**About this exercise:** Reproduce each line of the material exactly, minus any picture.

**Information supplied:**

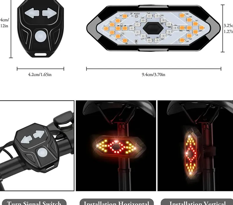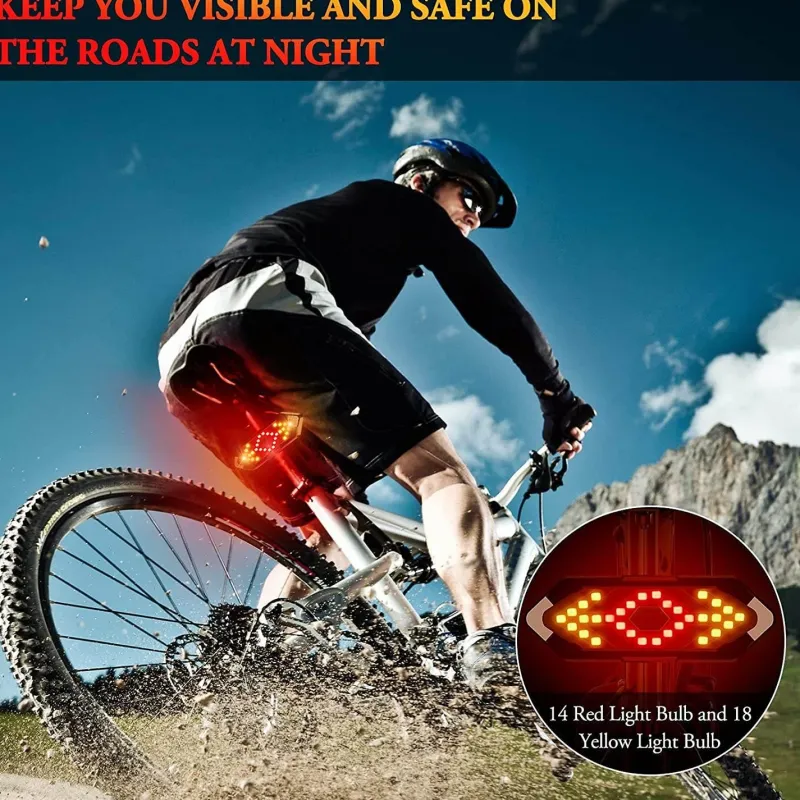 Steigern Sie Ihre Sicherheit beim Radfahren mit unserem kabellosen LED-Fahrradblinker und Sicherheitskontrollleuchte. Das sorgfältig entwickelte Rücklicht sorgt für optimale Sichtbarkeit und benutzerfreundliche Bedienung. Dieses Fahrradrücklicht verfügt über eine Fernbedienung mit drei intuitiven Tasten, mit denen Sie die Blinker in fünf verschiedenen Modi aktivieren können: Rechtsabbiegen mit lautem akustischem Alarm, Linksabbiegen mit lautem akustischem Alarm, Dauerlicht, Blinklicht und Blinken aller Lichter. Passen Sie diese Modi an Ihre Bedürfnisse und Fahrbedingungen an und machen Sie vorbeifahrende Fahrzeuge effektiv auf sich aufmerksam.
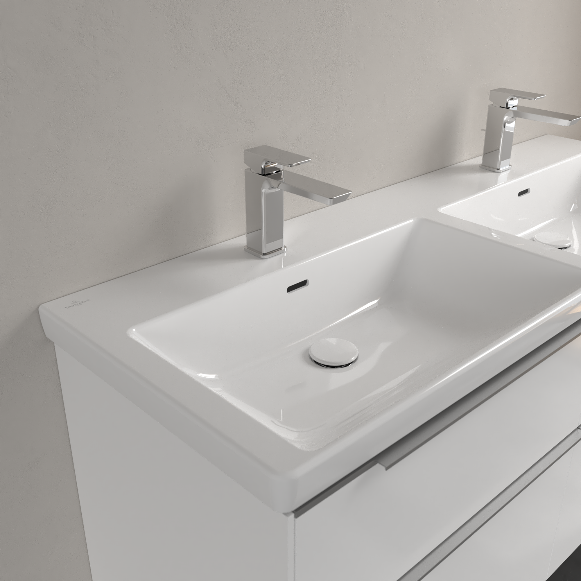 Subway 3.0 Plan de toilette double, 1300x475x165mm, avec trop-plein, Blanc
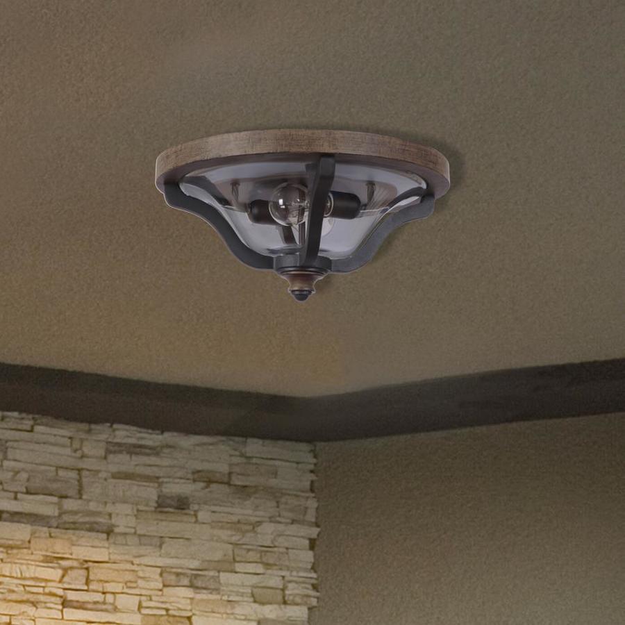Craftmade Ashwood 16.1-in W Textured Black/Whiskey Barrel Outdoor Flush Mount Light
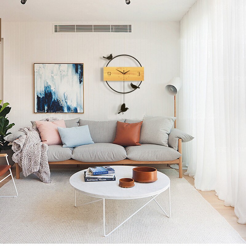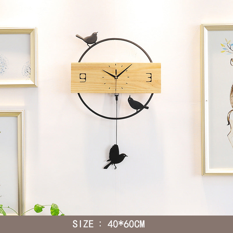 Moderni seinäkello puuta ja lintuja: Ajaton tyyli ja luonnonläheinen tunnelma

**Response area:**
 Steigern Sie Ihre Sicherheit beim Radfahren mit unserem kabellosen LED-Fahrradblinker und Sicherheitskontrollleuchte. Das sorgfältig entwickelte Rücklicht sorgt für optimale Sichtbarkeit und benutzerfreundliche Bedienung. Dieses Fahrradrücklicht verfügt über eine Fernbedienung mit drei intuitiven Tasten, mit denen Sie die Blinker in fünf verschiedenen Modi aktivieren können: Rechtsabbiegen mit lautem akustischem Alarm, Linksabbiegen mit lautem akustischem Alarm, Dauerlicht, Blinklicht und Blinken aller Lichter. Passen Sie diese Modi an Ihre Bedürfnisse und Fahrbedingungen an und machen Sie vorbeifahrende Fahrzeuge effektiv auf sich aufmerksam.
 Subway 3.0 Plan de toilette double, 1300x475x165mm, avec trop-plein, Blanc
Craftmade Ashwood 16.1-in W Textured Black/Whiskey Barrel Outdoor Flush Mount Light
 Moderni seinäkello puuta ja lintuja: Ajaton tyyli ja luonnonläheinen tunnelma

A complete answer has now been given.